### Task statement
Repeat each entry as written and leave the images out of the copy.

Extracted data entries
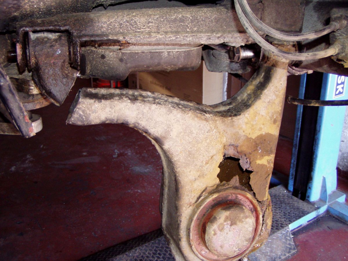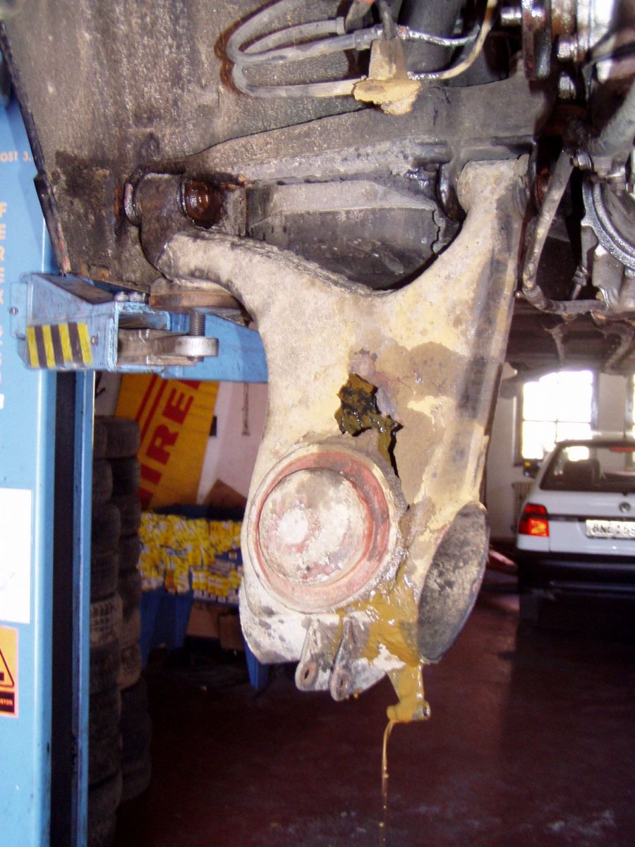 Aj ja som už zažil niečo podobné a bola to viac menej korózia. Všimol som si to na zmene geometrie /odklonu/ kolesa a následná kontrola odhalila niečo podobné ale na inom mieste. Stretol som sa už aj s tým / nie na vlastnej / , že pružina prebehla cez tú hornú časť ramena / aj na tej fotke je vidieť už pokročilé štádium.
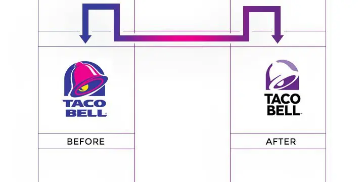 Una vez más, una importante compañía adoptó un enfoque aburrido con su nuevo diseño. El rediseño de Taco Bell está claramente destinado a atraer a la generación del millenial, manteniendo el reconocimiento de la marca de forma fácil sin diferencia substancial de su antiguo aspecto. Sin embargo, la elección de la fuente es horrible, y los diferentes tonos de púrpura son desagradables a la vista.
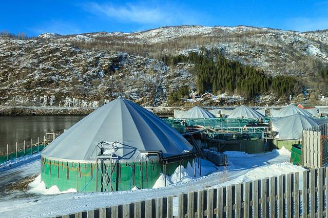 一个三文鱼农场,他们就生活在这个帐篷里,活动很受限,所以也没有野生的好吃:P 在苏格兰也看到过,当地人说相对牡蛎农场,养三文鱼对环境的损耗更大一些。
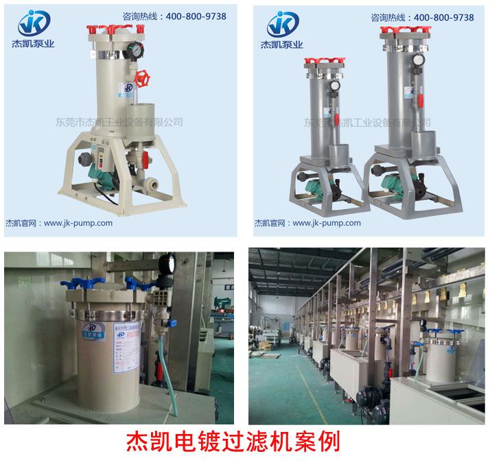 杰凱泵業作為一家專業的化學電鍍過濾機制造商,擁有16年的電鍍過濾機研發和生產經驗,杰凱過濾機過濾精密度高,一體成型濾桶,性能穩定,操作簡單,容易清洗。如您有什么需求可以直接撥打我們熱線:400-800-9738,我們準備好為你解答與服務!
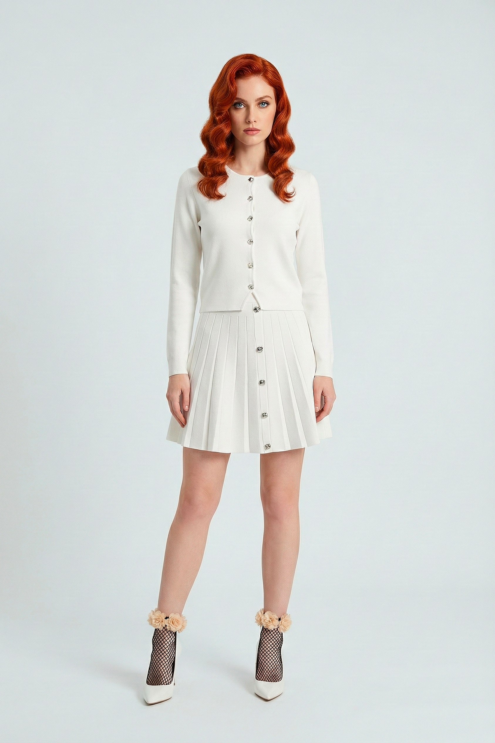 Gonna CHERYN con pieghe e bottoni argento
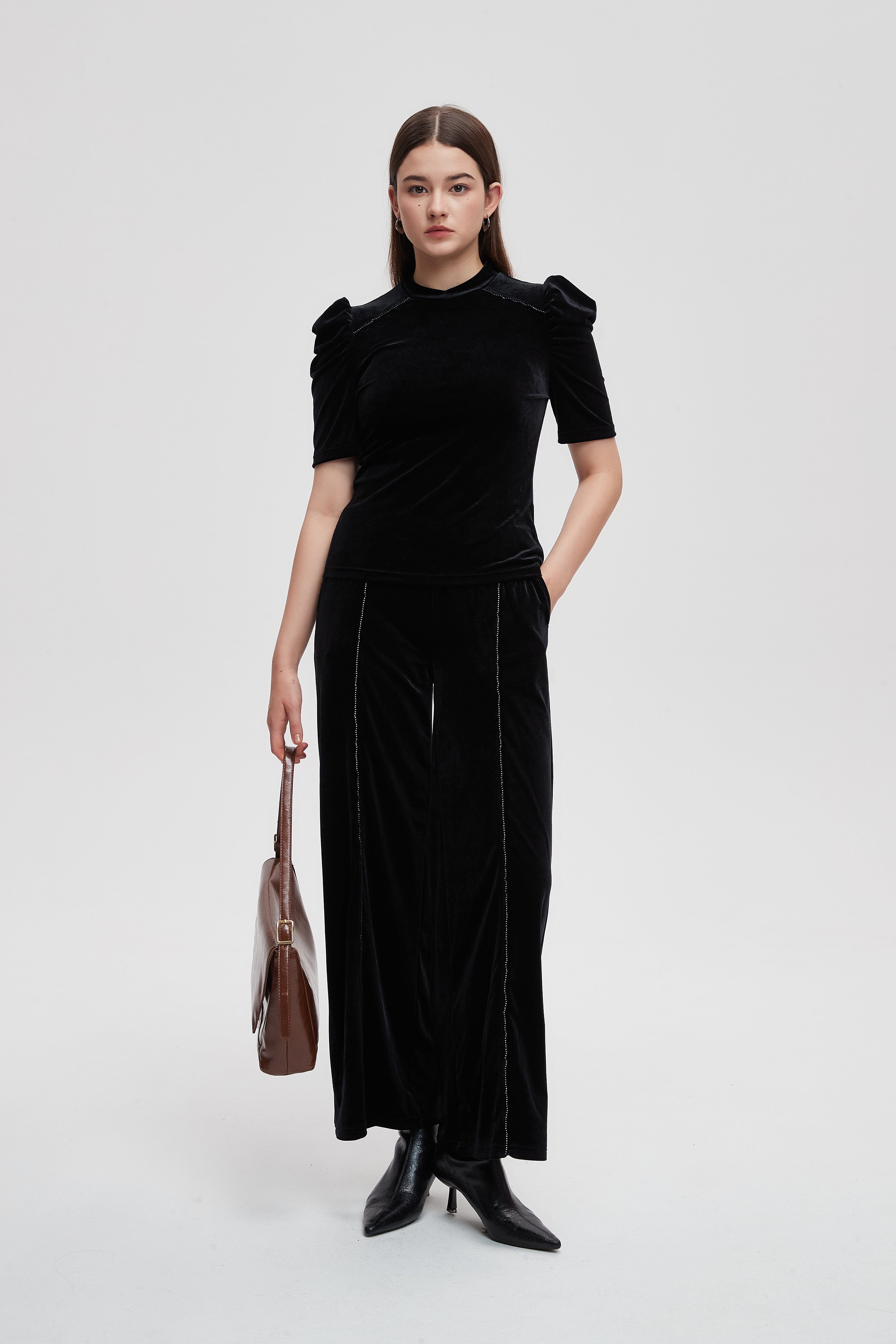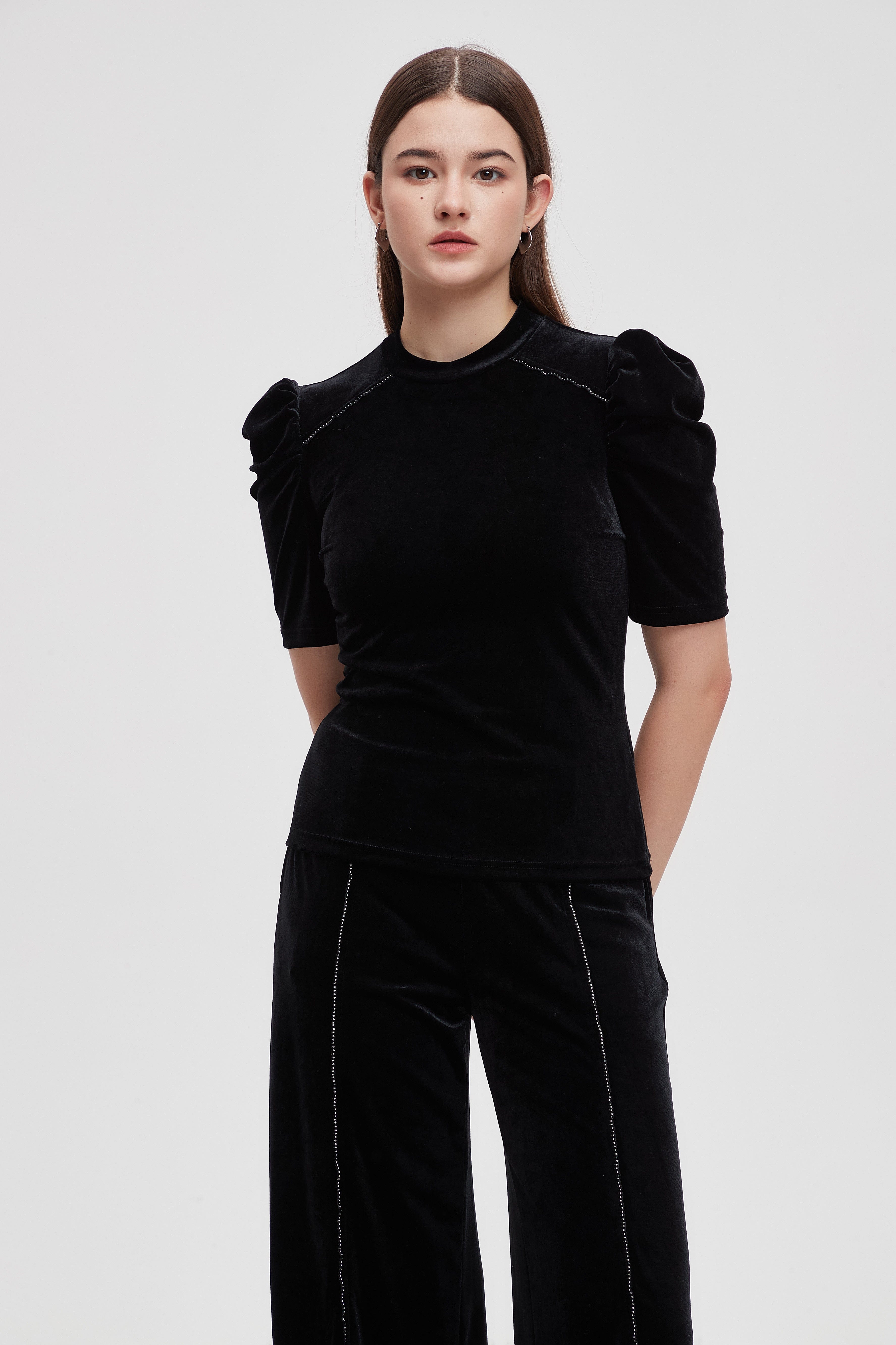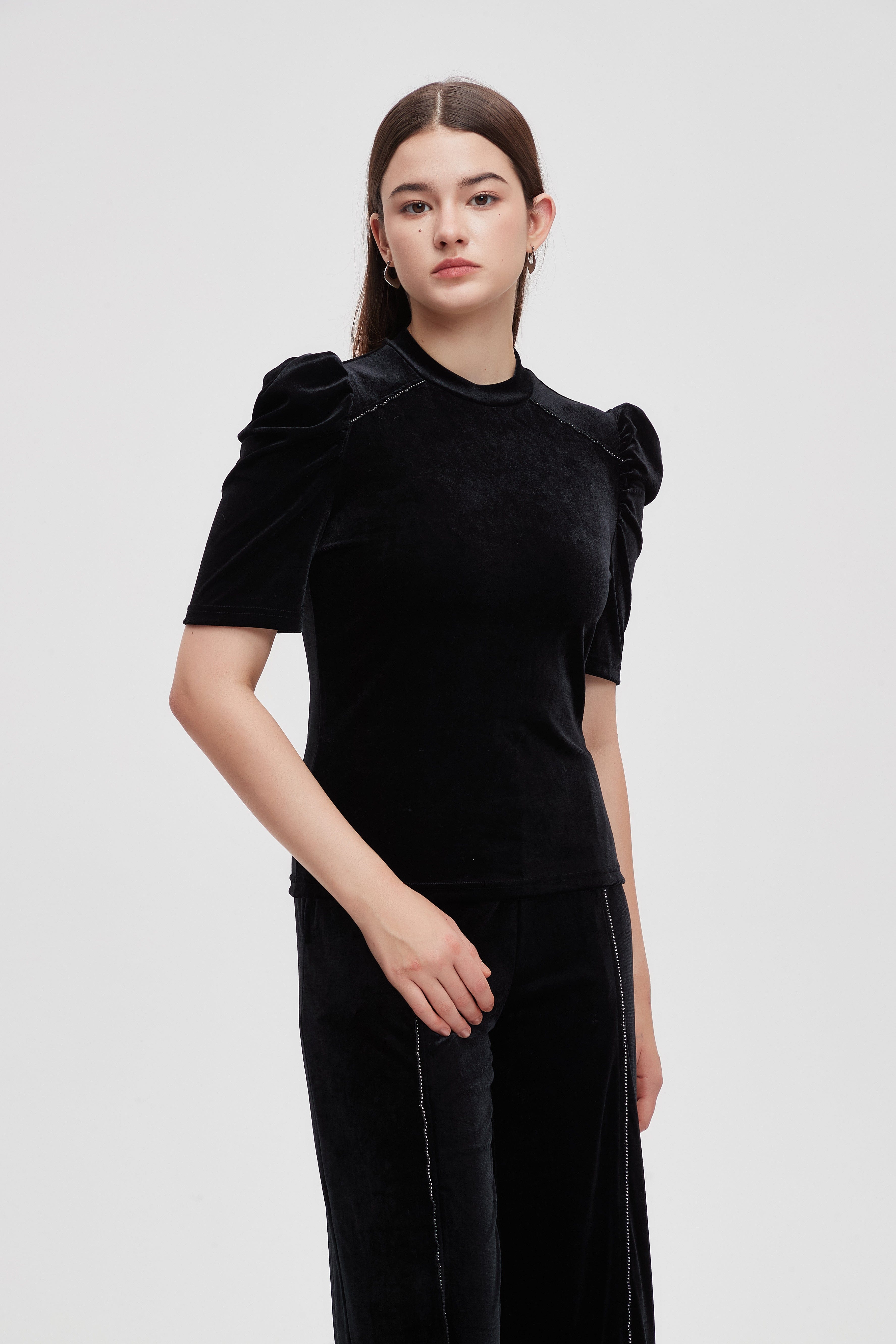 بلوزة نصف كم مطرزة فصوص

### Answer for this exercise
 Aj ja som už zažil niečo podobné a bola to viac menej korózia. Všimol som si to na zmene geometrie /odklonu/ kolesa a následná kontrola odhalila niečo podobné ale na inom mieste. Stretol som sa už aj s tým / nie na vlastnej / , že pružina prebehla cez tú hornú časť ramena / aj na tej fotke je vidieť už pokročilé štádium.
 Una vez más, una importante compañía adoptó un enfoque aburrido con su nuevo diseño. El rediseño de Taco Bell está claramente destinado a atraer a la generación del millenial, manteniendo el reconocimiento de la marca de forma fácil sin diferencia substancial de su antiguo aspecto. Sin embargo, la elección de la fuente es horrible, y los diferentes tonos de púrpura son desagradables a la vista.
 一个三文鱼农场,他们就生活在这个帐篷里,活动很受限,所以也没有野生的好吃:P 在苏格兰也看到过,当地人说相对牡蛎农场,养三文鱼对环境的损耗更大一些。
 杰凱泵業作為一家專業的化學電鍍過濾機制造商,擁有16年的電鍍過濾機研發和生產經驗,杰凱過濾機過濾精密度高,一體成型濾桶,性能穩定,操作簡單,容易清洗。如您有什么需求可以直接撥打我們熱線:400-800-9738,我們準備好為你解答與服務!
 Gonna CHERYN con pieghe e bottoni argento
 بلوزة نصف كم مطرزة فصوص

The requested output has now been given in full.